Il y a deux ans, un démographe donnait une interview choc
dans les colonnes du Nouvel observateur. Contre la droite sarkozyste «
inégalitaire » qui désignait des boucs émissaires (immigrés, jeunes, chômeurs)
comme responsable de la crise, il saluait l’« appréciation très perspicace du
sens de l’histoire » de François Hollande, ainsi que son plaidoyer pour une
présidence « normale ». Il voyait un candidat socialiste « revenu au principe
d’égalité », qui « prend le parti du peuple ». Il pariait sur un « hollandisme
révolutionnaire » qui poserait la question du pouvoir de la finance une fois
aux commandes de l’État, car les circonstances économiques et politiques du
moment « l’amèneraient à se radicaliser ». [1]

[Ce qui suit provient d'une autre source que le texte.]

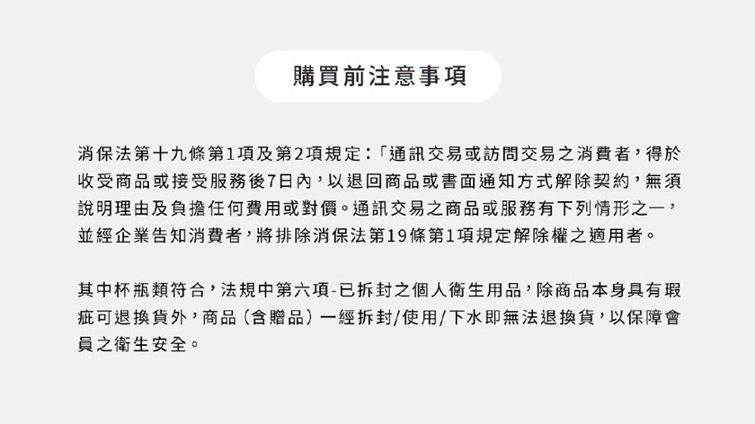 保固內容:杯瓶類符合,法規中第六項已拆封之個人衛生用品,除商品本身具有瑕疵可退換貨外,商品(含贈品)一經拆封/使用/下水即無法退換貨,以保障衛生安全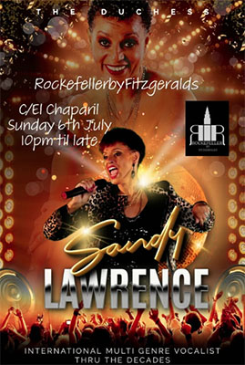 Optreden zangeres Sandy Lawrence bij Rockefeller in Nerja NERJA – De zangeres Sandy Lawrence treedt zondagavond 6 juli op bij Rockefeller by Fitzgerald´s, in het centrum van Nerja aan de Calle El Chaparil 7. Het optreden begint rond de klok van 22.00 uur. Delen: Klik om te delen op X (Opent in een nieuw venster) X Klik om te delen op Facebook (Opent in een nieuw venster) Facebook Vind-ik-leuk Aan het laden...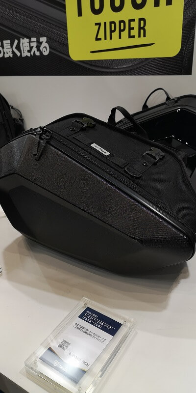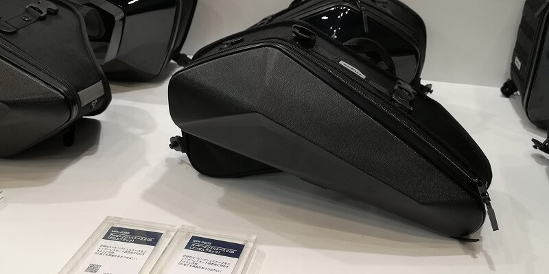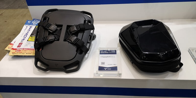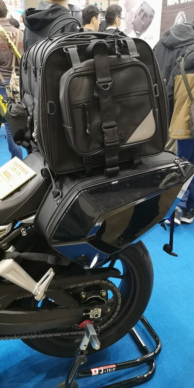 左側になるのは「ライザーベース」。小さなリアシートしかないSS車などでも、これを装着することで大きなシートバッグを安定して積載できる、という優れもの。去年はすごく推してたんだけど、今年はひっそり展示。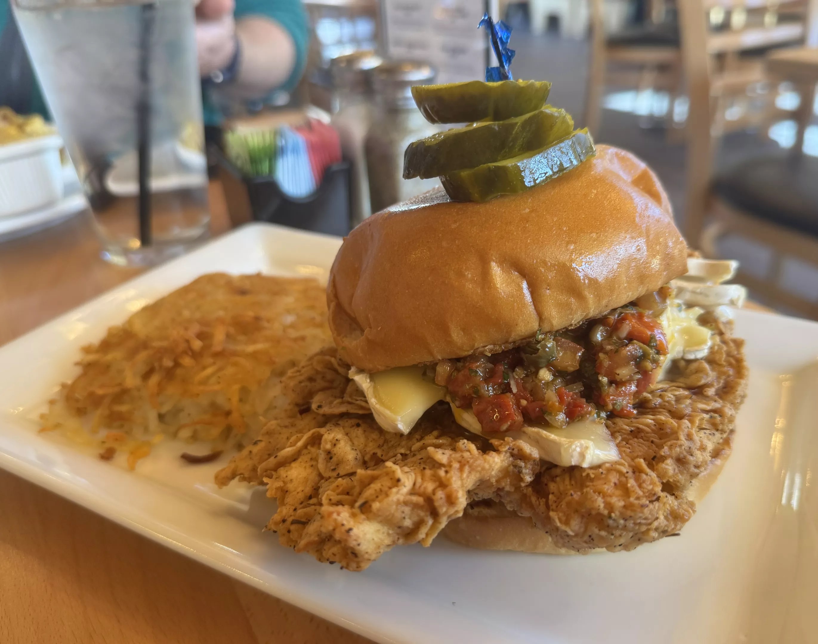 The chicken sandwich with brie and a sun-dried tomato-caper relish.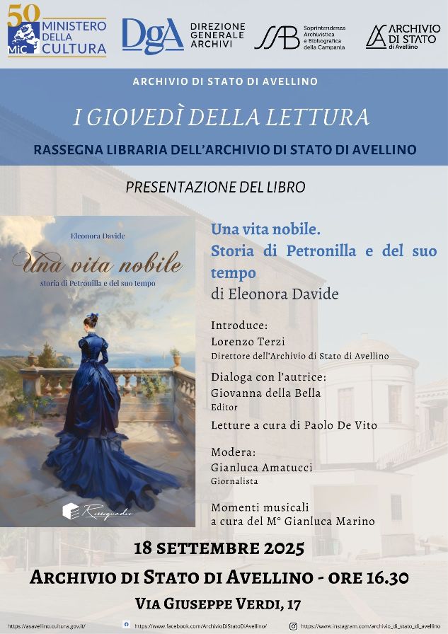 AVELLINO – Giovedì 18 settembre prossimo, alle ore 16:30, avrà inizio la nuova stagione della rassegna libraria dell’Archivio di Stato di Avellino “I giovedì della lettura”. In tale occasione si presenterà il romanzo di Eleonora Davide “Una vita nobile. Storia di Petronilla e del suo tempo”.

N’accablons pas l’auteur de ces fortes paroles : le
pronostic de notre démographe s’est en partie avéré pertinent : d’une part, les
« circonstances » ont effectivement amené le président de la république à se
radicaliser. Seulement c’est une radicalisation à droite, et non à gauche,
qu’il a opérée. D’autre part, le hollandisme est effectivement de nature «
révolutionnaire » dans le paysage politique français : Thatcher avait son
ennemi de l’intérieur, les mineurs, Hollande a désormais le sien : la gauche de
transformation sociale. Deux ans à peine après son élection, je propose une
ébauche topographique du hollandisme présidentiel : où se situe-il et où nous
amène-t-il ?
À droite du New
Labour
Le cap a été fixé dès le lendemain de l’élection
présidentielle. Contrairement à la promesse de campagne, il n’y a eu aucune
renégociation du pacte de stabilité germano-européen qui condamne virtuellement
l’eurozone à des politiques d’austérité ad aeternam. La politique sociale et
économique du gouvernement est uniquement au service des intérêts des
possédants. Le monde de la finance et de l’actionnariat, vivement décrié dans
le discours du Bourget, est choyé. Il n’est pas une semaine sans que le
gouvernement ne lui a octroie de nouveaux abattements fiscaux au nom d’un
surréaliste « ras-le-bol fiscal ». Les patrons du CAC 40 ou de start up
menacent et leurs vœux sont aussitôt exaucés. Le pacte de responsabilité est la
caricature de ce hollandisme antisocial : faire des milliards d’euros
d’économie sur le dos des travailleurs, petits et moyens, pour les redistribuer
aux patrons et actionnaires sans contrepartie économique et sociale. Le
hollandisme révolutionnaire n’est vraiment pas l’adversaire de la finance. Il
est, au contraire, son plus fidèle et dévoué allié.